DATA EXCERPTS Block Start

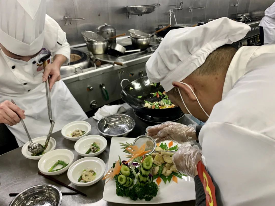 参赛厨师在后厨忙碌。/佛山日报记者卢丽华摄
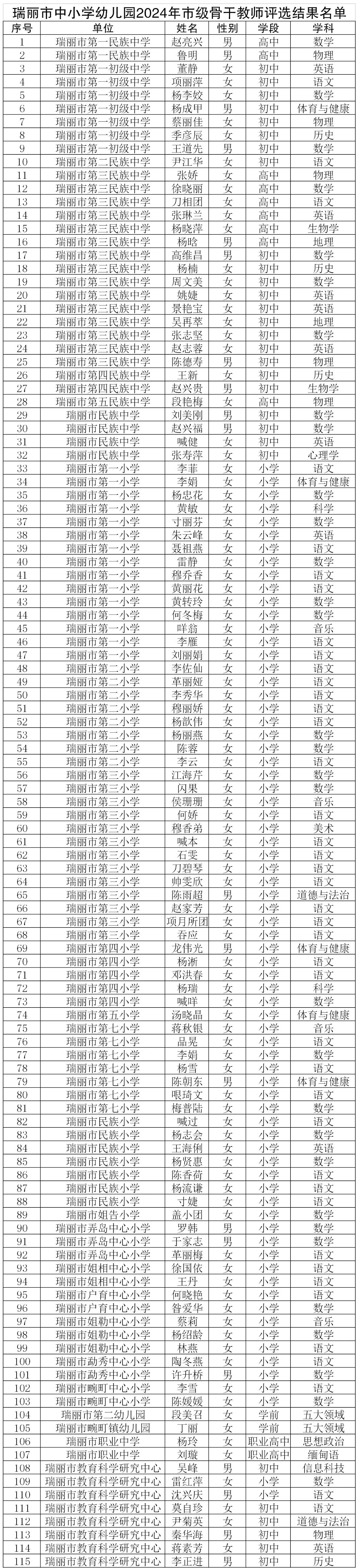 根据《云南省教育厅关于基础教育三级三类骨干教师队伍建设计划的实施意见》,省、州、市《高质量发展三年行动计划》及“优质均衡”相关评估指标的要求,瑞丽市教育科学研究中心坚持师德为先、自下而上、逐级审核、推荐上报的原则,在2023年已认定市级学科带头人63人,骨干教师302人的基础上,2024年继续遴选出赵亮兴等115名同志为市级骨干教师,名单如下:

DATA EXCERPTS Block End
DATA EXCERPTS Block Start

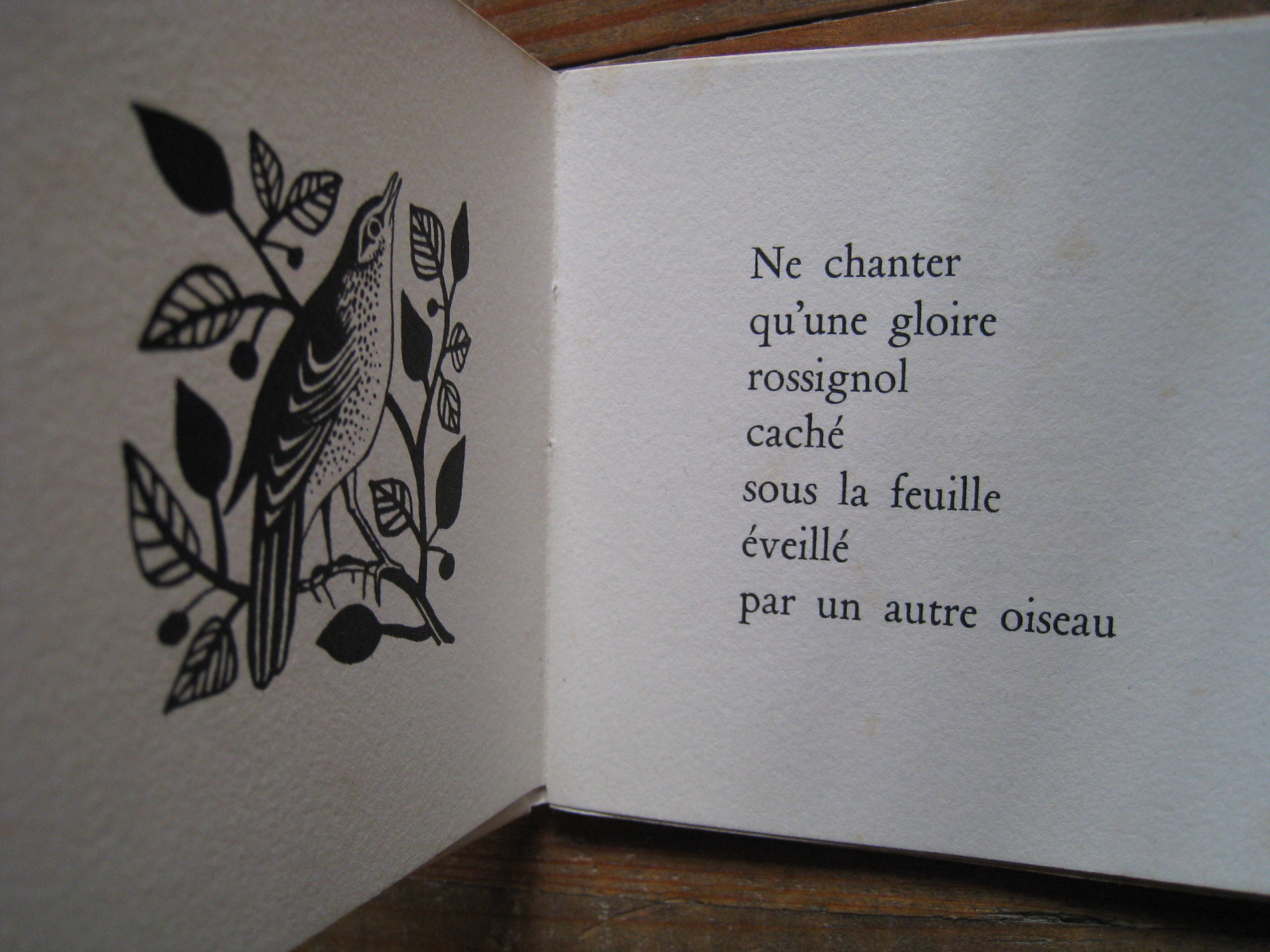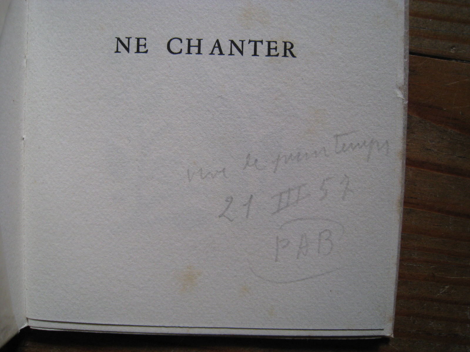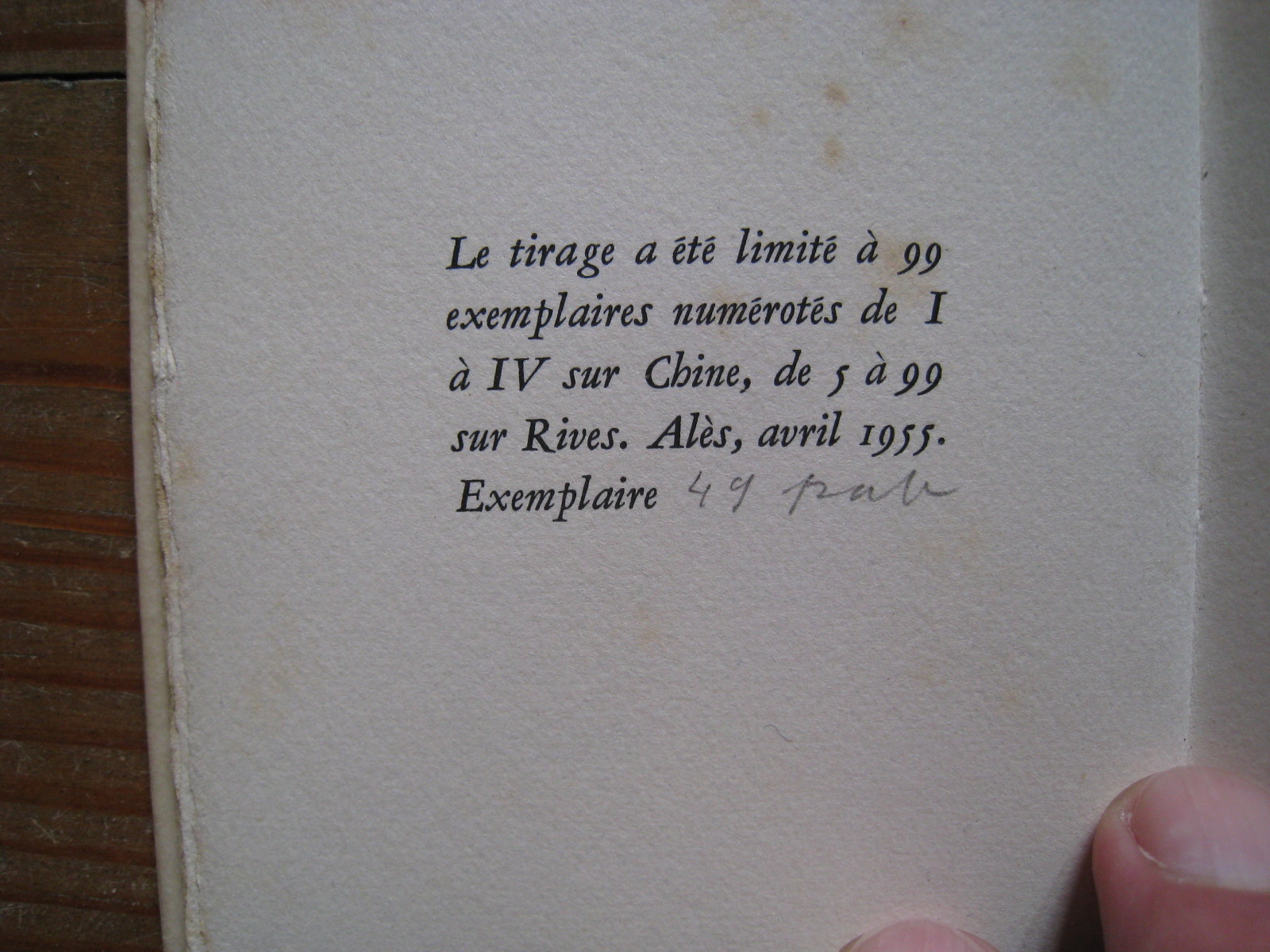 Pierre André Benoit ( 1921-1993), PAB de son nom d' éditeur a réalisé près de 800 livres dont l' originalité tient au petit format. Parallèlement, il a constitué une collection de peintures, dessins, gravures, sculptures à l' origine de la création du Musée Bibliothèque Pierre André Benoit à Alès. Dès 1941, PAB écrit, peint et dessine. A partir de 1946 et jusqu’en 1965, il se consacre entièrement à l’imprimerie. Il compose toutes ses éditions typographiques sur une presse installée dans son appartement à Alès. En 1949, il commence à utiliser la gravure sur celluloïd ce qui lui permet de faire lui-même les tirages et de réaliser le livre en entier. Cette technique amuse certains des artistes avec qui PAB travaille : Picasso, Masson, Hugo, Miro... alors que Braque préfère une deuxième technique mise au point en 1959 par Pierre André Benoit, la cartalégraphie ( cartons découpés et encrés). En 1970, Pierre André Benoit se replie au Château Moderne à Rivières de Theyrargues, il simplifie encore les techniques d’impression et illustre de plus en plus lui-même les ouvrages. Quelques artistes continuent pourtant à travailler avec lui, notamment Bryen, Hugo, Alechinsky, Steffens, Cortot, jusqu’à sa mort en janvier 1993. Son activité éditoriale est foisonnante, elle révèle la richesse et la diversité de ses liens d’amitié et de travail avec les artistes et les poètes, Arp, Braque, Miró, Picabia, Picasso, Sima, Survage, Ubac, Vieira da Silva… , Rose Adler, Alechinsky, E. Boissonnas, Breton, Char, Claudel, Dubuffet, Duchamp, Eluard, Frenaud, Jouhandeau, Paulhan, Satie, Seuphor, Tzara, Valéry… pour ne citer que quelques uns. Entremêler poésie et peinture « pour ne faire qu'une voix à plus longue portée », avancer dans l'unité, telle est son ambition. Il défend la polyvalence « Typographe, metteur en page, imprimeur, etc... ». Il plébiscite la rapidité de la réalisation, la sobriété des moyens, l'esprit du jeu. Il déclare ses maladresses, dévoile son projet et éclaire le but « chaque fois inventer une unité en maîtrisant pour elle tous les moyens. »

DATA EXCERPTS Block End
DATA EXCERPTS Block Start

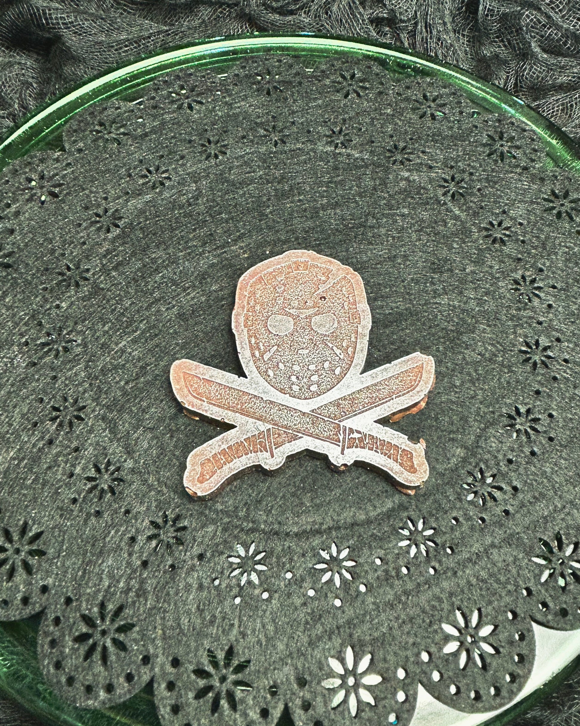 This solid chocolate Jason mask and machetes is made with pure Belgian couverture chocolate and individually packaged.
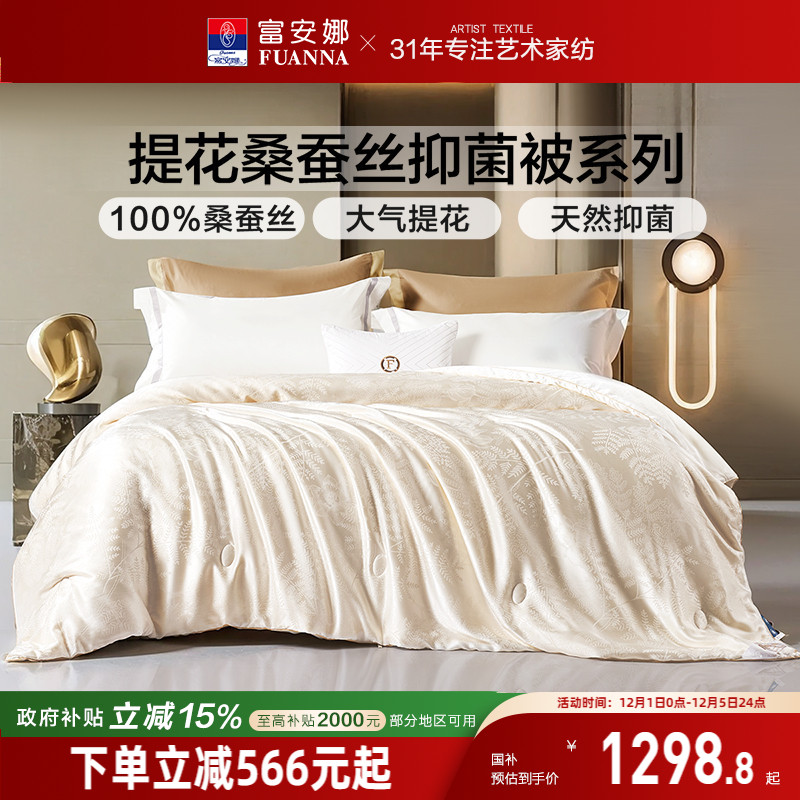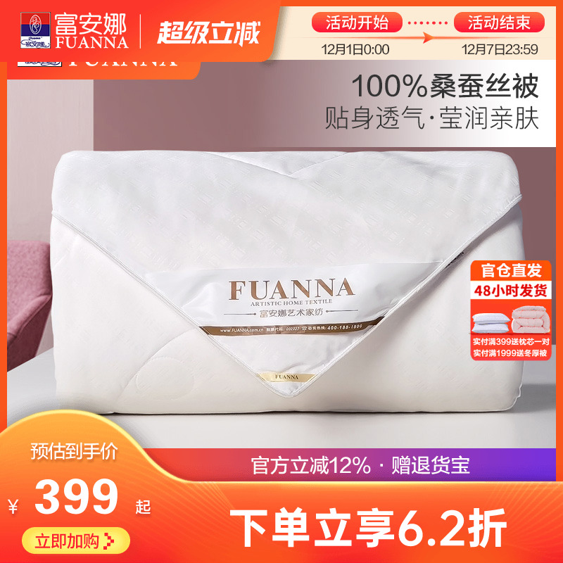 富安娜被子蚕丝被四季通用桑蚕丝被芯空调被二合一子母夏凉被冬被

DATA EXCERPTS Block End

EXERCISE AIM => Print exactly, with no pictures, the lines above from the one that holds "参赛厨师在后厨忙碌。/佛山日报记者卢丽华摄" through the one that holds "根据《云南省教育厅关于基础教", both of them included.

YOUR RESPONSE =>
 参赛厨师在后厨忙碌。/佛山日报记者卢丽华摄
 根据《云南省教育厅关于基础教育三级三类骨干教师队伍建设计划的实施意见》,省、州、市《高质量发展三年行动计划》及“优质均衡”相关评估指标的要求,瑞丽市教育科学研究中心坚持师德为先、自下而上、逐级审核、推荐上报的原则,在2023年已认定市级学科带头人63人,骨干教师302人的基础上,2024年继续遴选出赵亮兴等115名同志为市级骨干教师,名单如下:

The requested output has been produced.